**WORK REQUEST:**
From the records below, please print only the lines from the one containing "一个发出明亮绿光的方形招牌上" through the one containing "15,000円分 ラジウム 温泉 名湯", both included. Skip the pictures.

##### DATA IN THIS EXERCISE

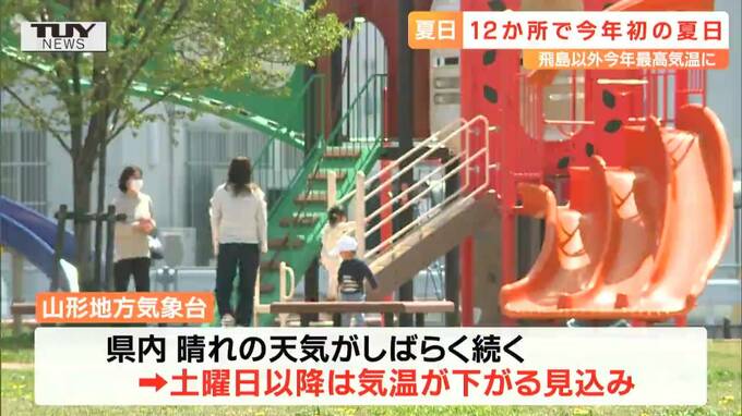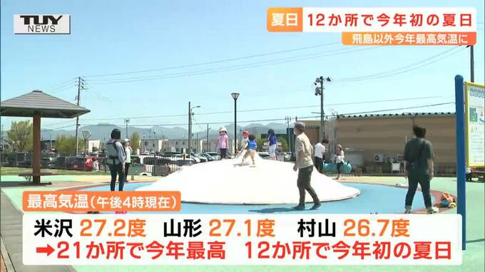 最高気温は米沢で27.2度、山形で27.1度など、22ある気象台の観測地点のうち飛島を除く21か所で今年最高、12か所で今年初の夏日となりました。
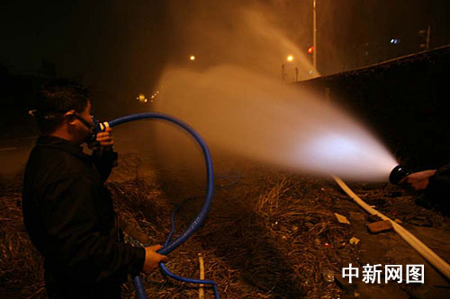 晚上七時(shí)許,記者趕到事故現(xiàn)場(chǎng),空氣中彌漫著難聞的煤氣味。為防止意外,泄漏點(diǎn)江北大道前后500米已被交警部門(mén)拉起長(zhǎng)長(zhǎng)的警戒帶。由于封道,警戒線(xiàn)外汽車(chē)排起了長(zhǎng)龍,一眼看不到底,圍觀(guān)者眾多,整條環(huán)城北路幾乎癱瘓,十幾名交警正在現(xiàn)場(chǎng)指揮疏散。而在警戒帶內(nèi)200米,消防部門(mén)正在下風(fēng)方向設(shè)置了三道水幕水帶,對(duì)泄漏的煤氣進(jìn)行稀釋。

##########
##### DATA IN THIS EXERCISE

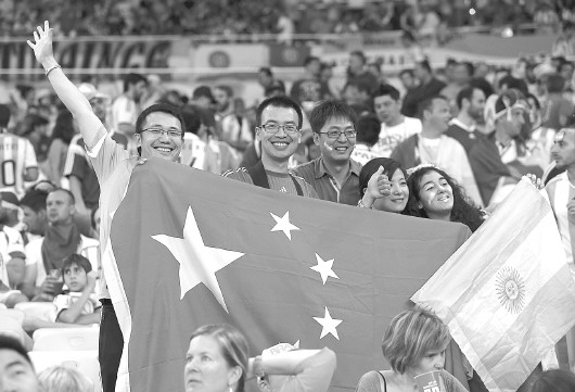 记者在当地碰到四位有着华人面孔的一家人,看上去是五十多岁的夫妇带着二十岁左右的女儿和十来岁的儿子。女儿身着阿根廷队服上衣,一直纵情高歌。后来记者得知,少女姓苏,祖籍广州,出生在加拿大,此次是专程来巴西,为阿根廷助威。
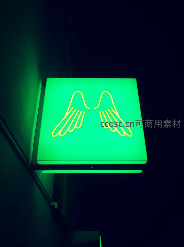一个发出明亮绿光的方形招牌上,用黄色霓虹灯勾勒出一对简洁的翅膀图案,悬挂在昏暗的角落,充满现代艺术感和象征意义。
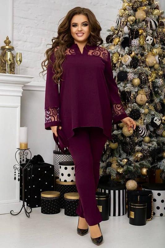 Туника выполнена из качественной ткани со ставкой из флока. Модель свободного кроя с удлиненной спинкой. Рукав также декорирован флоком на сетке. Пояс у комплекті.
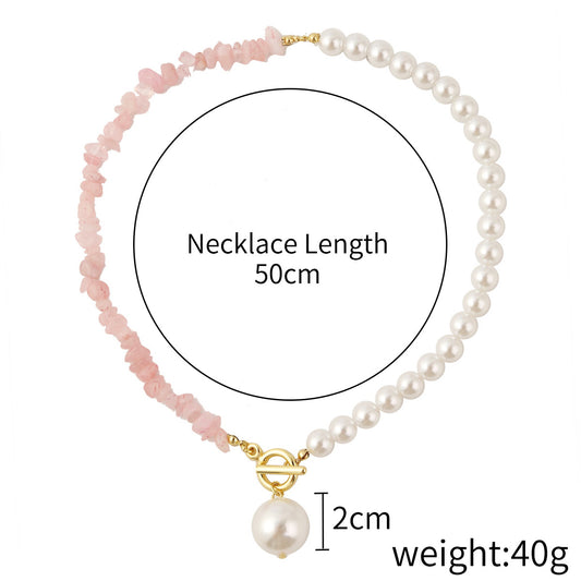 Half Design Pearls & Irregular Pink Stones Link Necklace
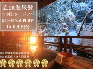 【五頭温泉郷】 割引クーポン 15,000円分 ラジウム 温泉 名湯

##########
##### DATA IN THIS EXERCISE

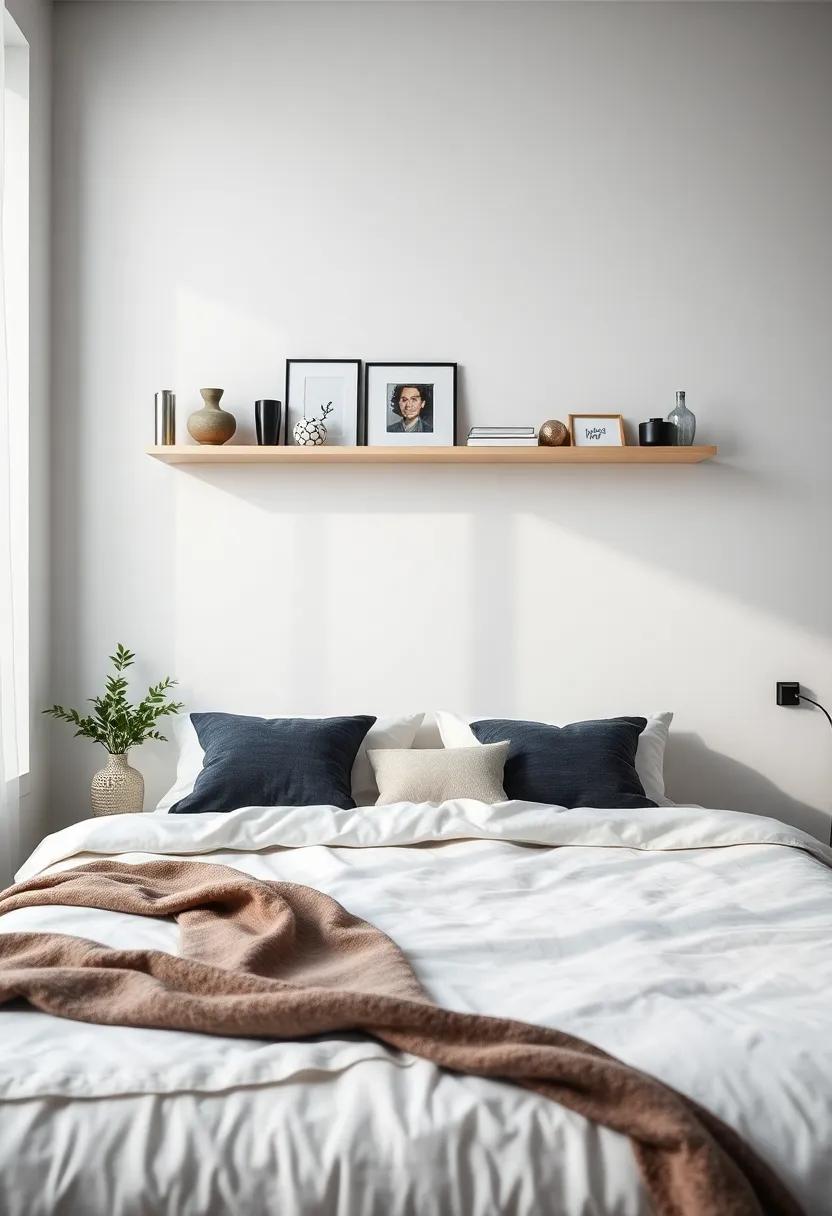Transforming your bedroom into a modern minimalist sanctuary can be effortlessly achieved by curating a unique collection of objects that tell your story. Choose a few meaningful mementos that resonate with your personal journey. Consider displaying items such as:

##########

**WORKED SOLUTION:**
一个发出明亮绿光的方形招牌上,用黄色霓虹灯勾勒出一对简洁的翅膀图案,悬挂在昏暗的角落,充满现代艺术感和象征意义。
 Туника выполнена из качественной ткани со ставкой из флока. Модель свободного кроя с удлиненной спинкой. Рукав также декорирован флоком на сетке. Пояс у комплекті.
 Half Design Pearls & Irregular Pink Stones Link Necklace
 【五頭温泉郷】 割引クーポン 15,000円分 ラジウム 温泉 名湯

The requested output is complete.